And if you don't want to or feel comfortable call the service department for their guidance but I suspect it will be very much the lines of these experienced users here. Just remember to be safe. Really strange things can happen with power. I once came home and turned on the light in the laundry room to have the light dim and a clock radio which was turned off come on. The oven wouldn't heat but appeared to be on but not warming much. Turns out that when the privacy fence was installed several years earlier the underground feed to the meter base was nicked ever so slightly and had corroded over time to where it was barely capable of carrying electricity. 

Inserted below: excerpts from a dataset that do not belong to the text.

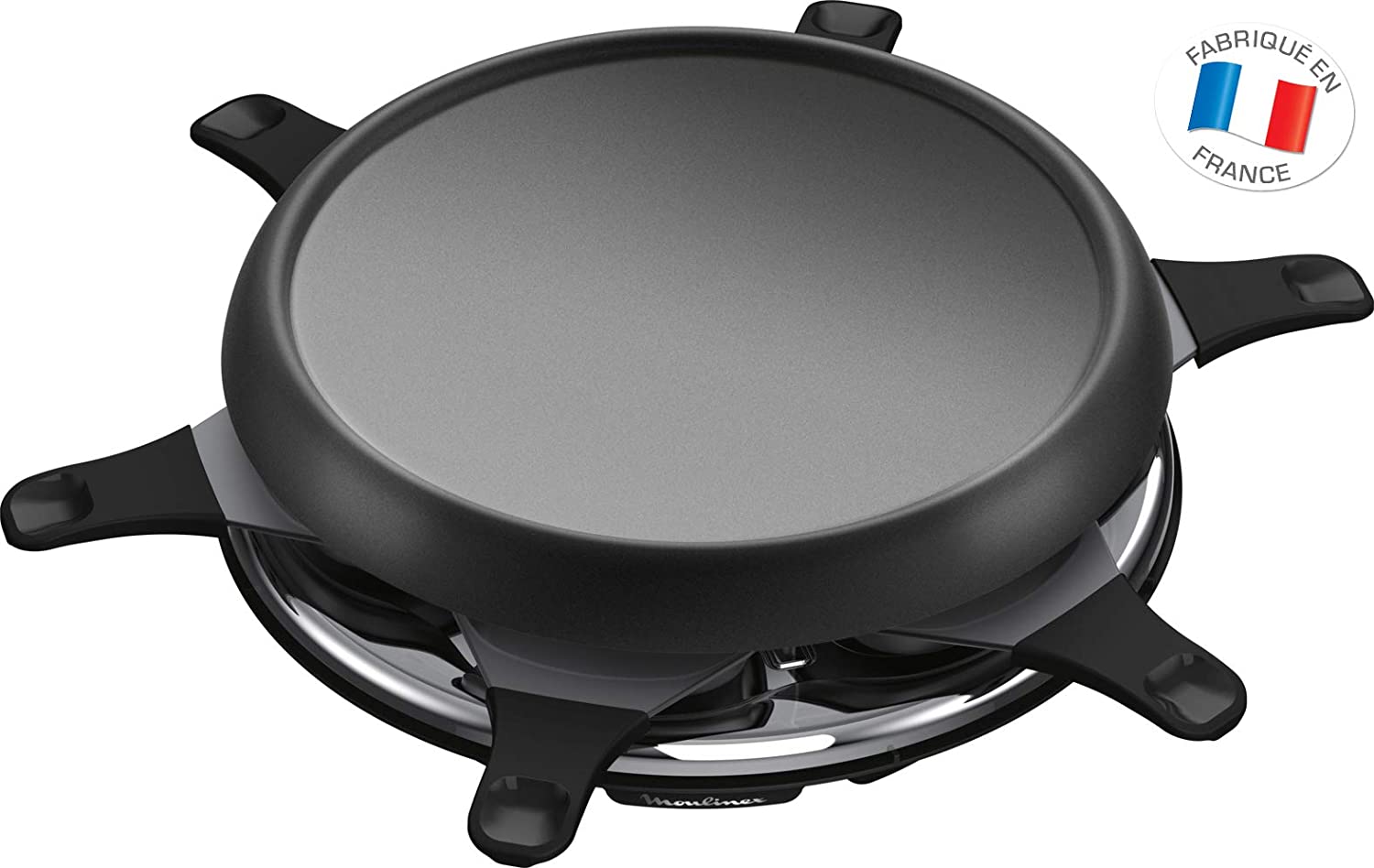 Plaques 3 fonctions: raclette, plancha, crêpier Plaque amovible anti-adhésive pour une utilisation et un nettoyage facile. Fabriqué en haute Savoie Puissance: 700 W, 6 coupelles incluse: Idéal pour rassembler tous vos amis Bouton marche/arrêt: confort optimal autour de la table.
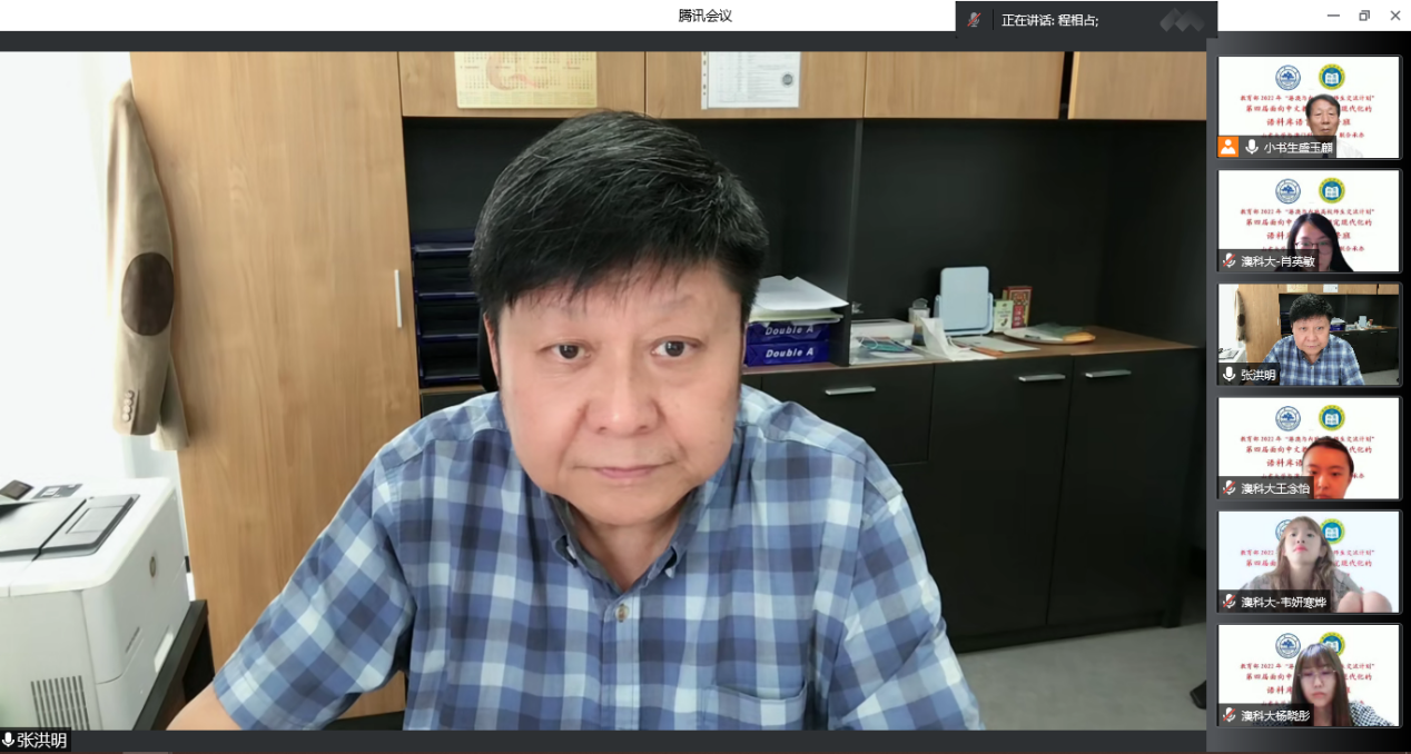 近日,教育部“港澳与内地高校师生交流计划”——第四届“面向中文教学研究现代化的语料库语言学研修班”通过线上的方式正式开班。本次研修班由山东大学与澳门科技大学联合承办,旨在加强港澳台地区学生与内地的交流,推动语料库在各学术领域中的应用,提高学生使用语料库进行相关科研的能力,进一步助力“一带一路”倡议实施与人才培养。澳门科技大学国际学院院长、世界汉语教学学会副会长张洪明,248cc永利集团副院长、博士生导师、程相占教授及全体学员出席开班仪式。开班仪式由248cc永利集团教授、研修班总负责人盛玉麒主持,张洪明院长和程相占副院长分别致辞。
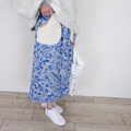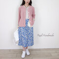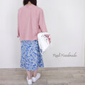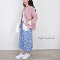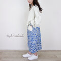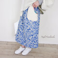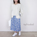 インクブルー・ボタニカルフラワーとワッフルポケットのスカート│お花見 ドライブ お出かけ 旅行
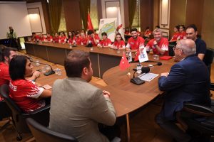 1 idareci, 7 antrenör ve 50 sporcuyla Kahramanmaraş’ta kampa giren Masa Tenisi Yıldız-Genç Milli Takımı, kamp boyunca verdiği destekten ötürü teşekkürlerini iletmek amacıyla Onikişubat Belediye Başkanı Hanefi Mahçiçek’i ziyaret etti.
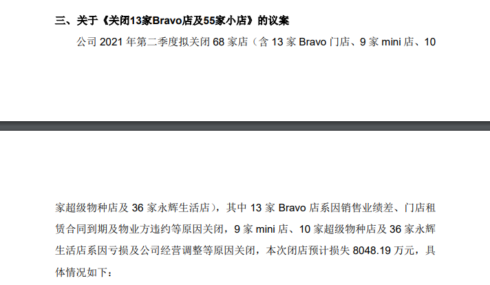 此外,在8月28日发布的《永辉超市股份有限公司第四届董事会第三十一次会议决议公告》中,提到通过了关于《关闭13家Bravo店及55家小店》的议案。该议案显示,2021年第二季度拟关闭68家店,其中13家Bravo店系因销售业绩差、门店租赁合同到期及物业方违约等原因关闭,9家mini店、10家超级物种店及36家永辉生活店系因亏损及公司经营调整等原因关闭,本次闭店预计损失8048.19万元。
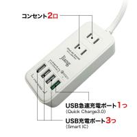 ACアダプター USB 急速 ACアダプタ コンセント タップ 4ポート usb 4口 6.0A コンセント 2口 1400W 電源タップ Quick Charger 3.0A
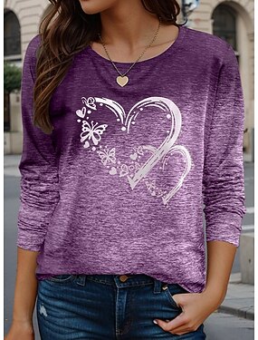 Valentin Frauen Herz T-Shirt Freizeit Regelmäßige Oberteile Druck Reguläre Passform Täglich Lila Frühling Herbst
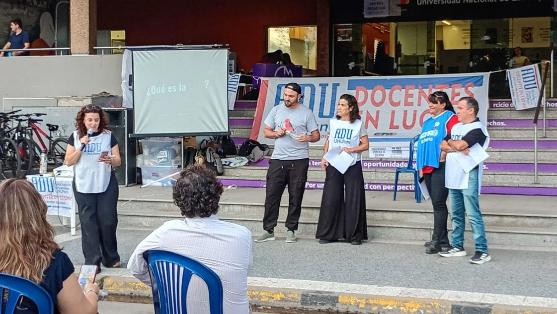 Durante la misma intervinieron Mariana Cornejo (ADU La Pampa-FCH), Gustavo Silvestre (ADU La Pampa-FCH - SIPREN), Pablo Prato (ADU La Pampa-FCEyN) y Roxana Rechimont (ATE La Pampa – CTA A).
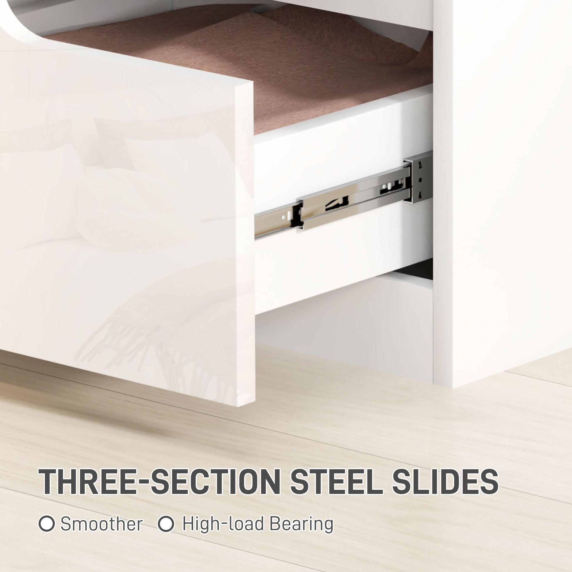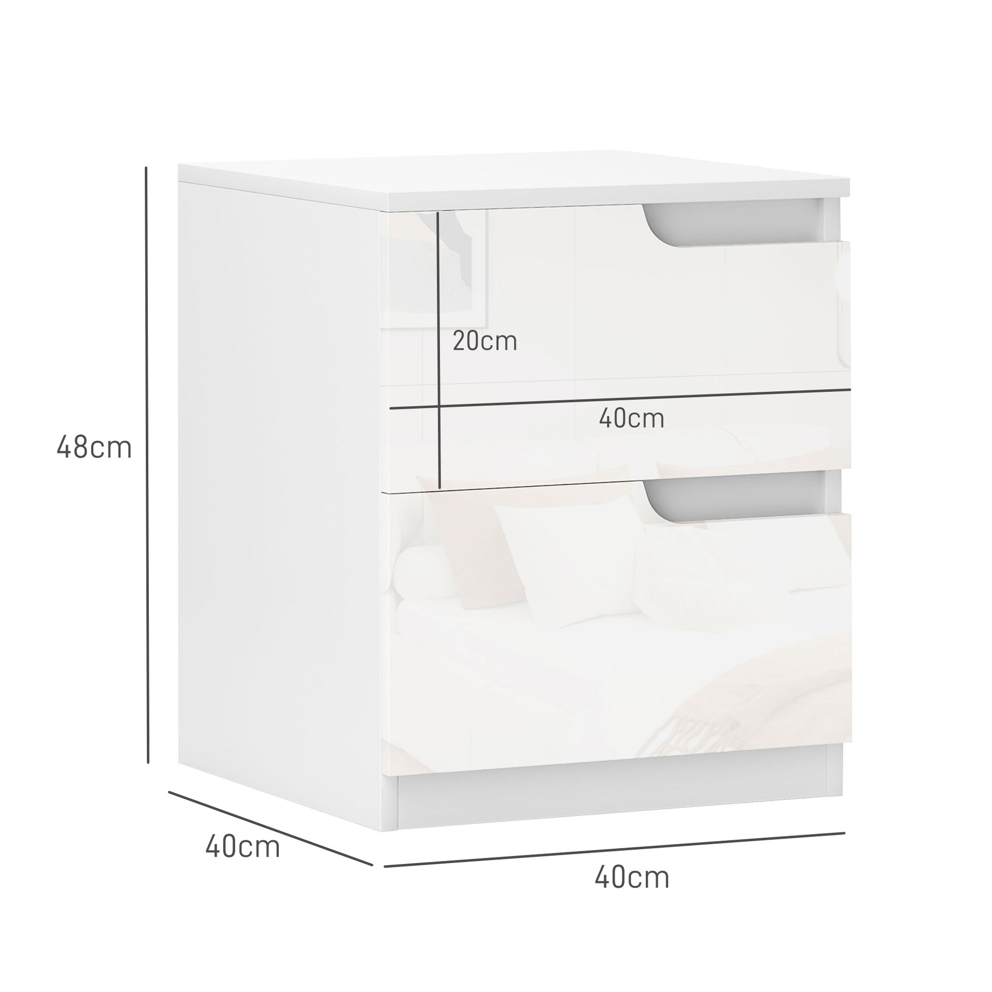 Your sleep bedtime companion - this HOMCOM nightstand. The white high-gloss finish, in a handle-less design makes it a sleek and modern addition to any room. The two drawers provide plenty of space for tucking away the essentials. Complete with foot pads to protect your floor from light damage.
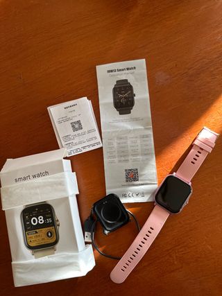 Smartwatch IDW13 con correa rosa y detalles dorados. Incluye cargador. - Pantalla táctil. - Correa ajustable. - Incluye manual de operación.

Only one side of the panel was being fed and back feeding to the other. But I could take a meter and read 240 volts coming in as long as it wasn't under a load. Put a load on it and it dropped to 120V. In my career as a HVAC tech I've seen some really strange electrical issue, both low and high voltage. The obvious signs are a blessing trust me. Smoke, smell, sound, and so on can be clues but when none of those are present it usually means opening it up and investigation is needed. Of if you've really wanted to get a new router and was looking for a good reason......maybe it's a sign.


----------



## sunnybob (Apr 3, 2015)

"tried plugging directly into wall"...... do you mean you had it on an extension lead?

Plug it into a completely different socket, preferably in another room. If it doesnt work, then youre sure its the machine. If it does work, dump the extension lead and reset the breaker for that room / socket.

I assume you are in USA? does the machine have a fused plug? If so, change the fuse.
After that, read as per above.


----------



## MEBCWD (Jan 14, 2012)

Welcome to the Router Forums Mark. I think everyone covered the things I would check. Hopefully it is an easy fix but it might be a good time to look for another router for hand held use that could double in the router table when needed.


----------



## mweinstock (Jul 5, 2020)

Thanks for all the welcomes and suggestions! I wanted to circle back and let you all know the issue is resolved, and without resorting to buying a new router.

I had tried the, um, physical approach, banging on the side a few times but no luck. The outlet and extension cord work ok. I use them with other tools with no issues. So it was definitely something in the tool itself. Based on the diagrams Roxanne posted (thanks!), I disassembled the router and saw that one of the brushes had popped out of its hold down. I popped it back in and everything is working ok now. I'll probably take it apart again and do something to keep the brush in place since I'm using it upside down in the router table more frequently.

Finding this forum has been great!


----------